Consequently, President Mills went through the relevant processes to declare the creation of the Adaklu District out of the Adaklu–Anyigbe District as an independent entity to resolve the crisis.

Today, the Adaklu District, located south east to the regional capital, shares boundaries with five districts and those are the Agotime–Ziope, Akatsi–North, Akatsi–South, Ho-West, Central–Tongu, Ho municipal and Ho-West.

It is located off the east of the Ho-Adidome road and off the south of the Ho–Aflao highway with an inroad at Akwetteh, near Agotime Kpetoe, and inhabited by more than 55,000 people mostly engaged in subsistence farming, with a few enclaves of herdsmen.

91 communities/homogenous settlement

The Adaklu District has 91 communities and is a settlement that is homogenous in character in the sense that it has one paramount chief overseeing the entire traditional area, which is also coterminous with political demarcation, the Adaklu Constituency.

No tarred road

Unfortunately, the Adaklu District or the traditional area or the constituency has no tarred road, which is a bane to development, especially in connection with the promotion of inter-district trade among five districts that share boundaries with it.

The roads are seasonally inundated with floods caused by River Tordzie which winds across two bridges, making the roads inaccessible and causing destruction to lives and food crops.

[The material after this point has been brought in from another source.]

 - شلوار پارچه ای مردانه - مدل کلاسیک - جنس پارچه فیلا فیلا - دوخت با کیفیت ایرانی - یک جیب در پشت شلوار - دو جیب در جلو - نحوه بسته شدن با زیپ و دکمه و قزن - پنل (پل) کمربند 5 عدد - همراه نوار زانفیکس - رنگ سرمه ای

The Adaklu DCE on one of the endangered bridges

Dynamics of times

The District Chief Executive (DCE), Mr Kadey Donkor, said there was an urgent need to open up the area by constructing at least one tarred road to the district capital at Waya, stressing that all the bridges spanning the river were constructed by the Germans in 1937 and had outlived the dynamics of those times.

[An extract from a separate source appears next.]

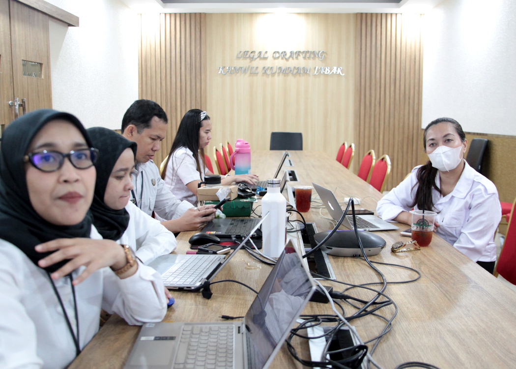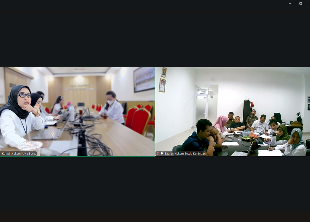 Dari ruang rapat Ismail Saleh, Kanwil Jabar, Perancang PUU Kanwil Jabar Shendy, Anggriana dan Erdian bersama para Perancang PUU Kanwil Jabar melaksanakan rapat dengan Perangkat Daerah Pemkab Kuningan membahas Raperda tentang tentang Penyelenggaraan Kawasan Tertib dan Raperbup tentang Pedoman Program Beasiswa Santri.

He specifically called on the Ghana Highway Authority (GHA) to construct new bridges, one to link Waya and Adaklu –Kpodzi and Akatsi-North and another one to link Anfoe and Waya because, as it were, the old bridges were narrow and very dangerous to travel on.

He further called for another bridge to connect Kodzobi and Dzakpo, adding that without those facilities farmers were disconnected and prevented from trading their crops at marketing centres in the harvesting season.

Education/banking

On education, Mr Donkor said the district had 27 junior high schools and one senior high school, with a contractor yet to complete a new senior high school project initiated under the Mahama regime.

He added that the challenge teachers in the area faced was that many of them resided in Ho and commuted daily to Adaklu to deliver their services, leading to lateness to school and low output in school results.

He, therefore, appealed to non-governmental organisations (NGOs) to complement the efforts of the government and the district assembly by putting up accommodation for teachers to enable them to stay in the district.

Banking facilities are also not many because it is only the GN Bank that is available to serve 91 communities with over 55,000 inhabitants.

Adaklu has a limited source of potable water as the people depend on untreated water from River Tordzie and the Kalakpa stream for drinking and domestic uses.

Water project

A few of the communities, however, have mechanised and manual boreholes. The DCE, therefore, appealed for connection to the Adidome water system.

He indicated that there was an ongoing water project sponsored by the Spanish government to provide mechanised boreholes for nine communities.

Adaklu District is serviced by 11 Community Health and Planning Services (CHPS) compounds because it has no clinic, no health centre, no hospital and has always referred patients to Ho or Adidome.

Apart from subsistence farming, the people are at risk of creating the first inland desert in the country due to the excessive harvesting of trees for firewood.

The people are generally unhappy about the low level of infrastructure development and have called on the government to fast track the development of the area.

Miss Patience Teli, a 35-year-old farmer, says the people are saddled with bad roads that lead to the district capital so the expected growth of a market at Waya has been stifled and farmers income has been affected because they cannot cart their produce to the market to promote inter-district trade with adjoining districts.